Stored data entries
Start of Block

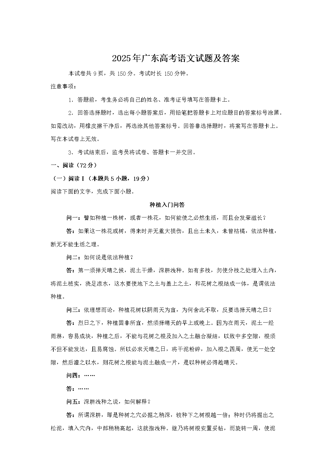 【文档预览】 无忧考网整理发布2025年广东高考语文试题及答案(Word版),前五页预览如下:
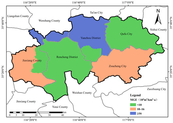 | Resource supply function | Groundwater resource quantity | MGE ≥ 16 × 104 m3/km2·a | Other | MGE < 10 × 104 m3/km2·a |
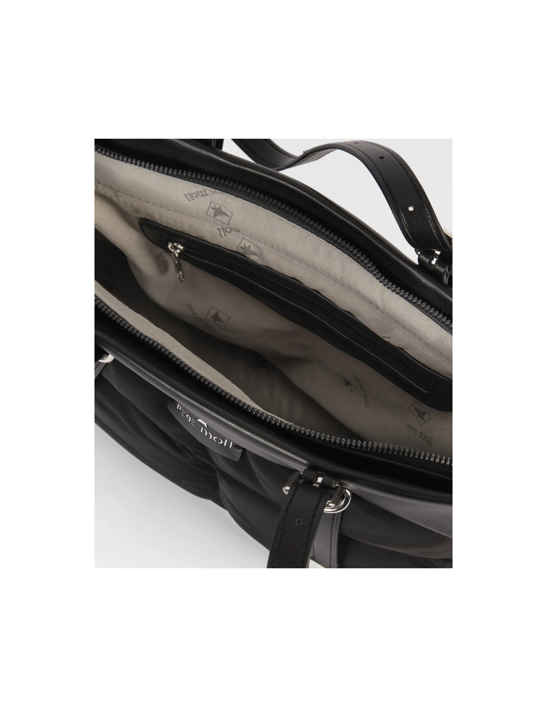 Interior forrado con compartimentos funcionales.
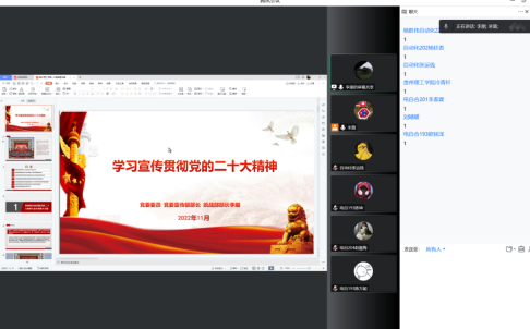 本网讯(人工智能与电气工程学院 顾英)2022年12月6日晚20点,校党委委员,党委宣传部、统战部部长李朋通过腾讯会议以题为“学习宣传贯彻党的二十大精神”对人工智能与电气工程学院学生党支部开展主题党课线上讲座。讲座由学生党支部书记主持。
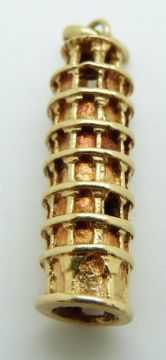 An 18ct gold pendant depicting the Leaning Tower of Pisa (4.9g) , and a yellow metal pendant depicting a bunch of bananas (2.3g)
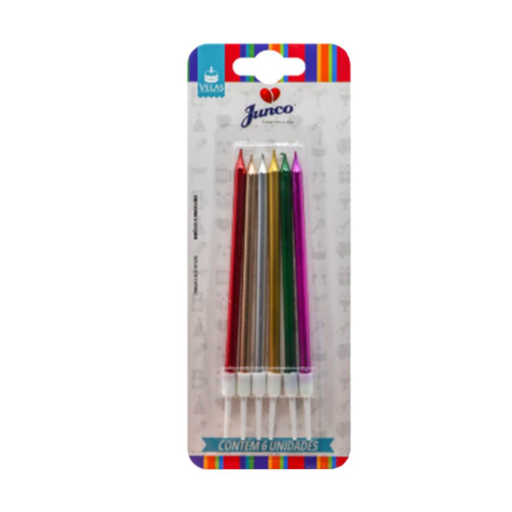 Vela Aniversário Palito Metalizada Colorida Grande Importada Junco
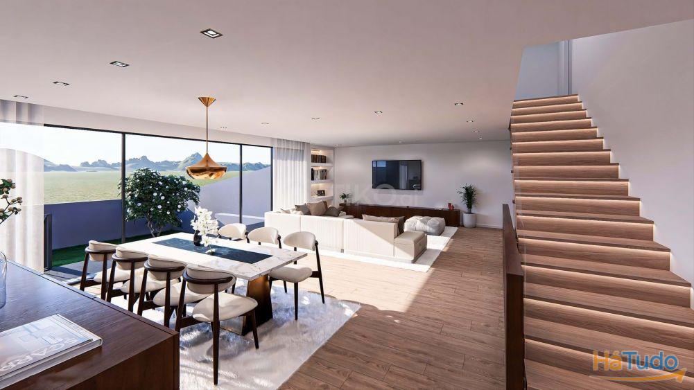 No piso principal encontra uma ampla sala e cozinha em open space, criando um ambiente acolhedor e ideal para convívio. A moradia dispõe ainda de 3 quartos em suite, garantindo total privacidade e comodidade, e de um escritório com Wc, perfeito para quem trabalha a partir de casa ou necessita de um espaço de estudo tranquilo.

End of Block

Assignment:
With pictures left out, repeat exactly the lines from the line bearing "本网讯(人工智能与电气工程学" through the final line of the records above.

Answer for this exercise:
 本网讯(人工智能与电气工程学院 顾英)2022年12月6日晚20点,校党委委员,党委宣传部、统战部部长李朋通过腾讯会议以题为“学习宣传贯彻党的二十大精神”对人工智能与电气工程学院学生党支部开展主题党课线上讲座。讲座由学生党支部书记主持。
 An 18ct gold pendant depicting the Leaning Tower of Pisa (4.9g) , and a yellow metal pendant depicting a bunch of bananas (2.3g)
 Vela Aniversário Palito Metalizada Colorida Grande Importada Junco
 No piso principal encontra uma ampla sala e cozinha em open space, criando um ambiente acolhedor e ideal para convívio. A moradia dispõe ainda de 3 quartos em suite, garantindo total privacidade e comodidade, e de um escritório com Wc, perfeito para quem trabalha a partir de casa ou necessita de um espaço de estudo tranquilo.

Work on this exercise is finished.